Yeah, I touched my HD-3000 for a moment just to see how it is. It's actually OK to use as a output but definitely not for gaming purposes. The only real use though is if for some reason I have to RMA my graphics card or go for a period without one, then I'd still be able to use my computer.

That only works if you're using an H series motherboard.

cliffordcooley cliffordcooley, TechSpot Paladin, said:

That only works if you're using an H series motherboard.
Not completely true:

  • Z series also includes graphical support.
  • I have seen H series motherboards that did not include GPU ports.
hahahanoobs hahahanoobs said:

EEatGDL said:

I think Intel's IGP must not be categorized among the NVIDIA and AMD's GPUs. Is almost, almost... like comparing a graphic chipset vs a lot more expensive GPU.

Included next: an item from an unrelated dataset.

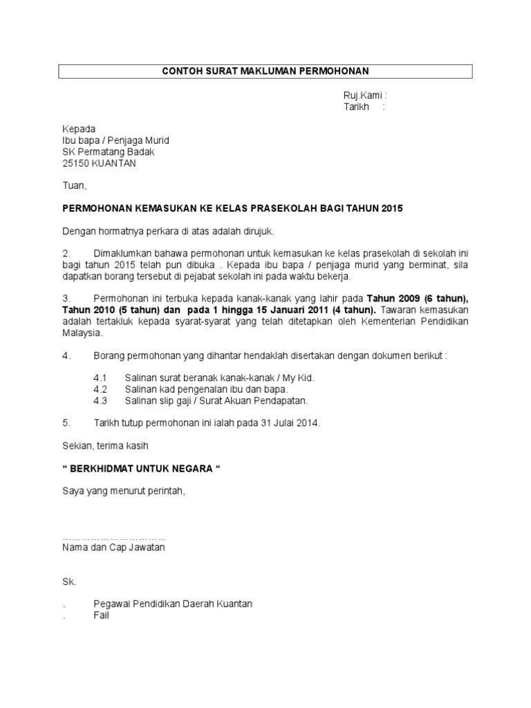 Untuk makluman, saya lewat hadir ke kerja pada 3 mac 2021 kerana mengalami kemalangan jalan raya ketika dalam perjalanan ke tempat kerja. Buku garis panduan penulisan surat rasmi utm ini . Contoh surat makluman kepada jabatan have a graphic associated . Contoh surat makluman dari sekolah kepada ppd mengenai program fire drill by nur3adiba3japri. Contoh surat rasmi untuk makluman kepada jabatan. Muafakat membawa berkat persatuan ibubapa dan guru pibg sekolah kebangsaan buntal da pejabat .

To me, AMD is just a second place GPU company. I refuse to recognize their entire lineup of CPU's. Intel leads year after year, not because their IGP's are the best, but because they do what the majority of customers expect a computer to do, which is play videos, and browser games. Think about it, in an age where mobile games are increasingly on the rise, wtf is an APU going to do? IMO the APU is a niche market... a bad one.

hahahanoobs hahahanoobs said:

cliffordcooley said:

That only works if you're using an H series motherboard.
Not completely true:

  • Z series also includes graphical support.
  • I have seen H series motherboards that did not include GPU ports.

Thank you for proving my point even further. It's still a very small number of boards that allow such capability.